Его нижняя губы не была оттопырена, но и так ясно, что он дуется.
— Обиженка. Я была королевой, пока меня тоже не опозорили. Разве я в депрессии? Черт, нет. Я вспылила, уничтожила несколько вещей и продолжила жить.
По большей части. Она не заводила серьезных отношений со времен той неудачи. Но, по крайней мере, Аэлла не сдалась, в отличие от вампира Шотландца.
— Я пытался убить тех, кто меня опозорил. Не помогло.
— Что с тобой случилось?
— Я продал душу дьяволу, чтобы стать самым великим гольфистом.
— Но ты не играешь в гольф.
— Потому что я выиграл игру, сделал дар, который должен был гарантировать мне безоблачное будущее, а вместо этого разрушил.
— И?
— Что значит и? Ты меня слышала? Гольф сломал мне жизнь. Из-за него я убил сотни.
Она издала тихий свист.
— Мило. Жаль, что я не могла сделать то же самое.
— Почему?
— Меня подставили боги. Греческие. Они абсолютно бессмертны.
— Ты разозлила каких-то греческих богов? Как?

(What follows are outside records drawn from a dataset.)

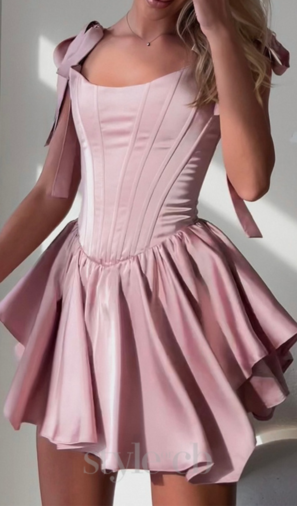 ruffle trim corset mini dress in pink
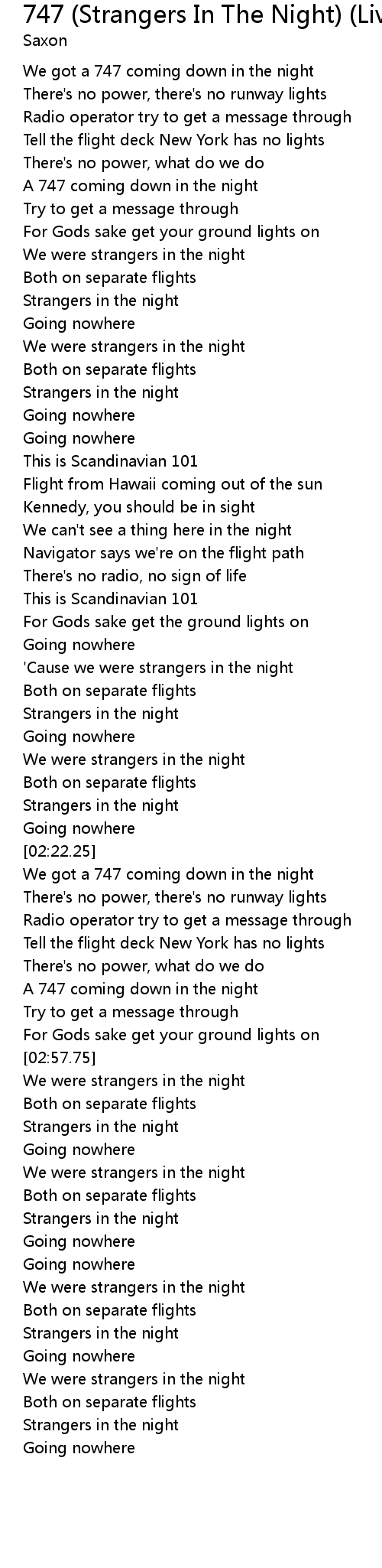 747 (Strangers In The Night) (Live) 歌词
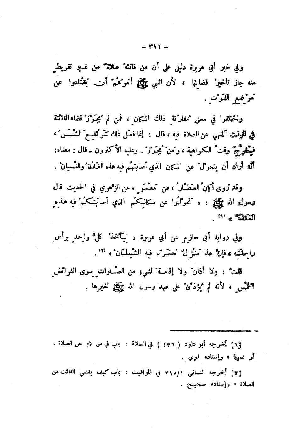 وَفِي خَبَرِ أَبِي هُرَيْرَةَ دَلِيلٌ عَلَى أَنَّ مَنْ فَاتَتْهُ صَلاةٌ مِنْ غَيْرِ تَفْرِيطٍ مِنْهُ، جَازَ تَأْخِيرُ قَضَائِهَا، لأَنَّ النَّبِيَّ صَلَّى اللهُ عَلَيْهِ وَسَلَّمَ أَمَرَهُمْ أَنْ يَقْتَادُوا عَنْ مَوْضِعِ الْفَوْتِ.
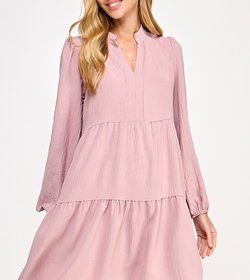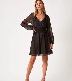Sheer Tie Neck Long Sleeve Smocked Mini Dress
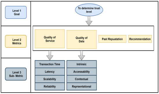 - Quality of Services: The QoS metric is utilised to determine the performance of a social IoT node by successfully responding to an end-user request by following certain criteria of a service level agreement [26]. The QoS metrics include sub-metrics such as latency, transaction time scalability, and reliability. Transaction time is defined as the sum of request time and response-receiving time. Latency is the amount of time it takes the SIoT server to finish a client’s request, which can be affected by different propagation delays. Scalability is responsible for a scalable system for reinforcement of QoS to produce maximum throughput under heavy workload in a SIoT-based environment. Reliability is the chance that an SP will give its client the services they want according to a set of rules for a certain amount of time without failing.
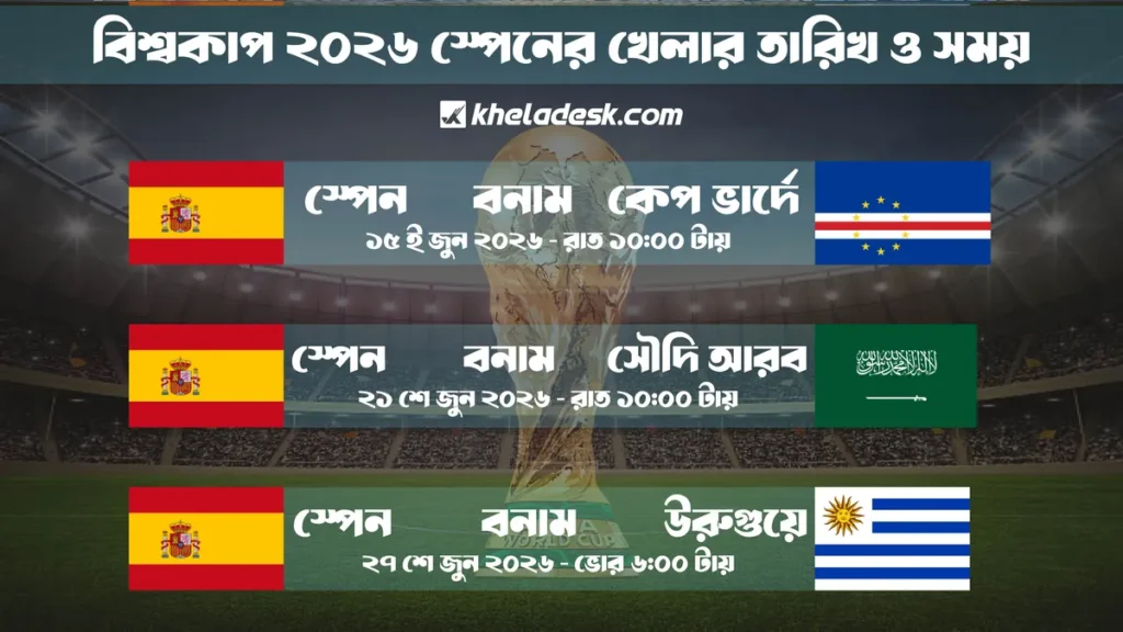 স্পেনের খেলার তারিখ ও সময় ফিফা বিশ্বকাপ ২০২৬

— Не хочу это обсуждать. В отличие от некоторых здесь людей, я не живу прошлым.
— Я не живу прошлым.
— Тогда оторви свою толстую, ленивую задницу и иди со мной.
— Но я не хочу.
Весело, он сказал это уже без прежнего задора. Вообще, у нее появилось странное чувство, что Шотландец хотел выйти из своей печальной рутины, но не знал как. Аэлла решила протянуть ему руку помощи.
Он отказался, вскочил на ноги и встряхнулся, разбрызгивая капли.
— Не мог бы ты прекратить? Ты хуже мокрой собаки.
— Ты сама сказала, что мне нужно принять ванную.
— Тебе. Я же была идеально чистой и сухой.
— В следующий раз, принося мыло, ты, возможно, не забудешь полотенце.
Потянув за мокрую ткань, облепившую ее изгибы, она заметила, как его взгляд остановился на выпирающих сквозь тогу напряженных сосках.
— У тебя есть какие-нибудь полотенца в твоей лачуге?
— Да, как и теплый огонь.
Хорошо, потому что здесь на подступах к Аду, воздух был заметно прохладней, и вездесущей золы, падающей с неба, почти не было. Тепло пекла, которое сохранило яму от промерзания, едва достигало этого отдаленного края, и Аэлла поежилась.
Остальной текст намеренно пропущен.